JUNEAU (AP) The head of the Alaska Natural Gas Development Authority will ask lawmakers for $3 million to push ahead with work on a state-owned gas pipeline and liquefied natural gas facility.
Harold Heinze, chief executive officer for the authority, said the state needs to take action before the Legislature returns in January.
The authority, which was created by voter initiative last November, is seeking money to complete cost estimates and a marketing plan for a pipeline from the North Slope to Valdez.
Already, the Murkowski administration has said it is in no rush to find the money. But Heinze plans to appeal to separate House and Senate committees meeting in the interim.

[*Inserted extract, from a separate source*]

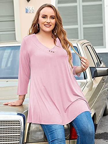 Plus Size 3/4 Sleeve Tops For Women – The three quarter sleeves tops and blouses, loose waist women plus size clothing, long flowy hem hides belly and hips perfectly, creating particular slimming effect. Nice big womens clothes plus size women’s tunics in cool season or as maternity tops.
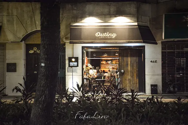 Outing Cafe所在位子藏身在社區住宅圈,隔著一條林蔭大道仁愛路就是國父紀念館。從捷運國父紀念館站2號出口步行約8分鐘左右。黑色雨棚沈穩的顏色延伸到招牌以及門框、桌椅,厚重刷色木門看來有些陳舊感,一眼看上便馬上萌生好奇心。當時在用餐時,不少路人過客都會停駐在玻璃窗前看呀看。

Heinze plans to testify before the Senate Resources Committee when it meets in Anchorage on Wednesday. The House Finance Committee will meet Thursday.
Before the billion dollar pipe-line is even constructed, the authority has said it has a potential customer for the natural gas.

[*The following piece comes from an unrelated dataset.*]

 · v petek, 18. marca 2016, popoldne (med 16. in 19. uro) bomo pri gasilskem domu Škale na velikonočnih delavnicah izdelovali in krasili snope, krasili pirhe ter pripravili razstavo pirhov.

Sempra Energy of San Diego is working with the Mexican government to construct a liquefied natural gas terminal in Baja California.
The firm is talking to Alaska as a possible supplier and would require a billion cubic feet of gas per day. Heinze has said the Sempra project would provide Alaska marketers with strong opportunities.
''We have to work in a timely fashion'' if Alaska is going to convince buyers that it can deliver liquefied natural gas to proposed U.S. West Coast terminals by the time of their expected openings starting in 2007-08, Heinze told the Petroleum News.
The authority voted recently to request up to $3 million in additional state funding immediately to prepare estimates for the project.
If the project is feasible, the authority would ask lawmakers and the Murkowski administration for between $100 million and $200 million for design work, Heinze said.
The Murkowski administration said Heinze's request is moot until lawmakers return in January.
''The general fund money is not available because the process does not allow it to be available,'' said Steve Porter, deputy commissioner for the state Department of Revenue.
But if a majority of the Legislature supports the request, Heinze may seek other funding alternatives such as loans, he said.
The authority can issue bonds and accept loans from state, federal or private funding sources. But the state is not responsible for its debt.
''If there is a body of will out there to do this, we can find the money,'' Heinze said.